--- Exercise data ---

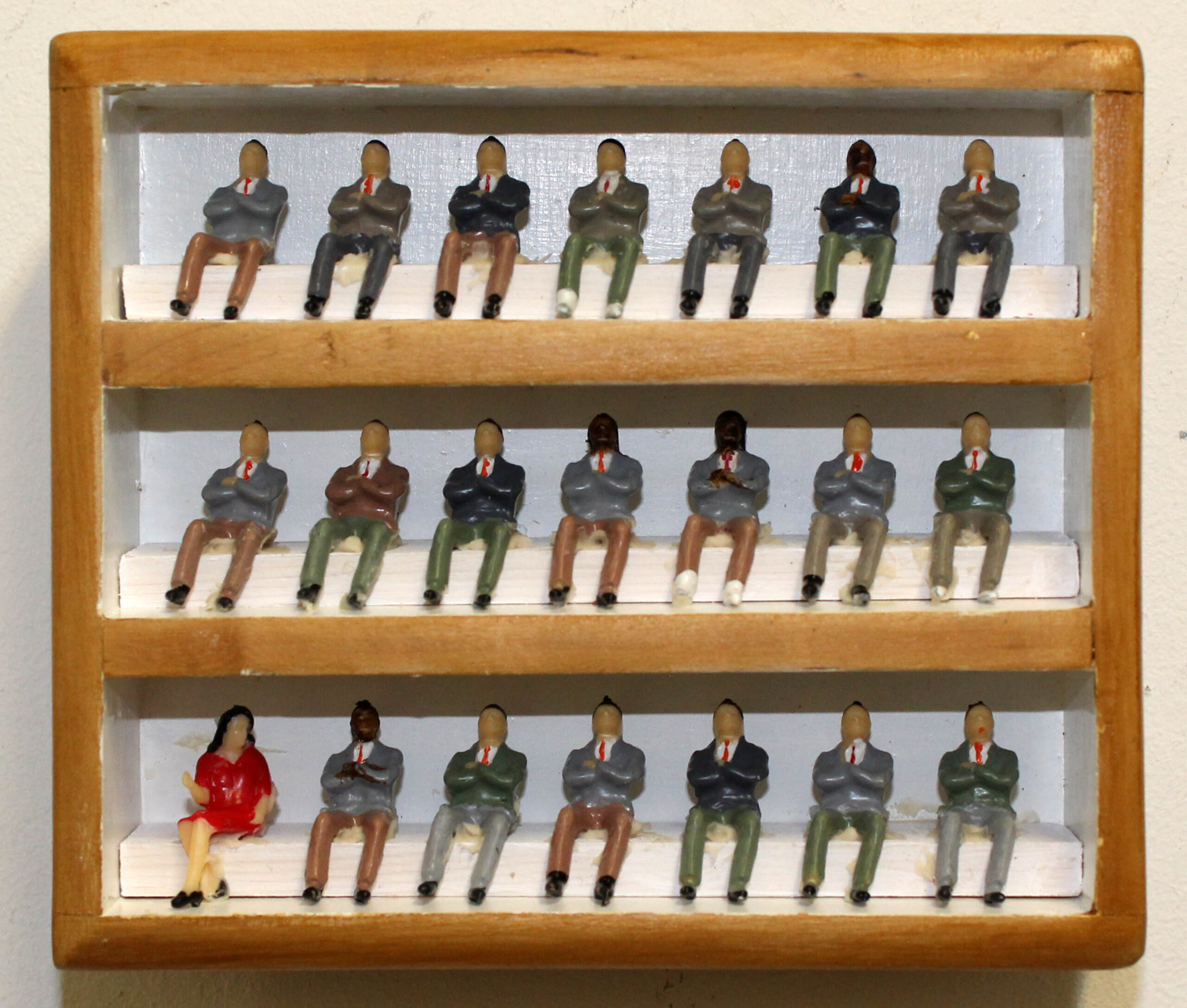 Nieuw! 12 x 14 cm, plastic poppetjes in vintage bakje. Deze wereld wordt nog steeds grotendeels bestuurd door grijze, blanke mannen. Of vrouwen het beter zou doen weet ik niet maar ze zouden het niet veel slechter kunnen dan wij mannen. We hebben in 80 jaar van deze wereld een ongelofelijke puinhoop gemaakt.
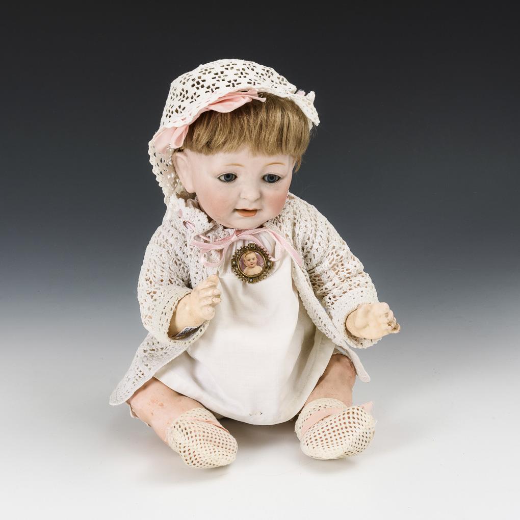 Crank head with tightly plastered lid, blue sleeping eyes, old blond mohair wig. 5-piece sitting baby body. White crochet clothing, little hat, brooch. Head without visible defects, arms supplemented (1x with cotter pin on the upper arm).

---
--- Exercise data ---

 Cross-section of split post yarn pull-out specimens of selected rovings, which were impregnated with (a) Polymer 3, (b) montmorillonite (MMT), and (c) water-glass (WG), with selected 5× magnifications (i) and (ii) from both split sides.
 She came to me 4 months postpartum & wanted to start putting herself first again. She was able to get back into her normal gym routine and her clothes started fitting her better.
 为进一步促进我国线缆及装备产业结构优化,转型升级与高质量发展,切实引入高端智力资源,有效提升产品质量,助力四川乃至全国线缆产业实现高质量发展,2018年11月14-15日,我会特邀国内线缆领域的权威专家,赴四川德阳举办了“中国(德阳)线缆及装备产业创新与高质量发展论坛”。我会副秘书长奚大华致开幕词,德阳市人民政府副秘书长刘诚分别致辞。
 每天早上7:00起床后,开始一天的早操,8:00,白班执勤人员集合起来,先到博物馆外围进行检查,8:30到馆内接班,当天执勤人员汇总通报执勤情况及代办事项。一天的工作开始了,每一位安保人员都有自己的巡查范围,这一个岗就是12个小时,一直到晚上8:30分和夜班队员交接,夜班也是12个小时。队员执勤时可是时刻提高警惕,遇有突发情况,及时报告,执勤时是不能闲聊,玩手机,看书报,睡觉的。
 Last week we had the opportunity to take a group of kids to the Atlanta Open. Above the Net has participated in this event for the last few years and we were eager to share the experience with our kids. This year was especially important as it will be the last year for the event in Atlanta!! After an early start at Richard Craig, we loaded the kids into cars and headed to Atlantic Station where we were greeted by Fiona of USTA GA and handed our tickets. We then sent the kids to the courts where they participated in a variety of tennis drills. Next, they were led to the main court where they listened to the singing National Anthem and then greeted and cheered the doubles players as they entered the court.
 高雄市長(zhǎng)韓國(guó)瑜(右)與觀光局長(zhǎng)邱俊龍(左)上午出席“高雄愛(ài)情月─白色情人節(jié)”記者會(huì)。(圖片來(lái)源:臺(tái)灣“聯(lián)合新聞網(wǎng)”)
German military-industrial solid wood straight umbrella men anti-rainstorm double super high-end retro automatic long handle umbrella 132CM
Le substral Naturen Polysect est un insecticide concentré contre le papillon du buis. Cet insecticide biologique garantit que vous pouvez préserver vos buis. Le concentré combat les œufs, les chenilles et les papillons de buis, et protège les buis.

---

[Exercise prompt] Note how many lines of the material hold the word "start", then state that number alone.

[Exercise response] 2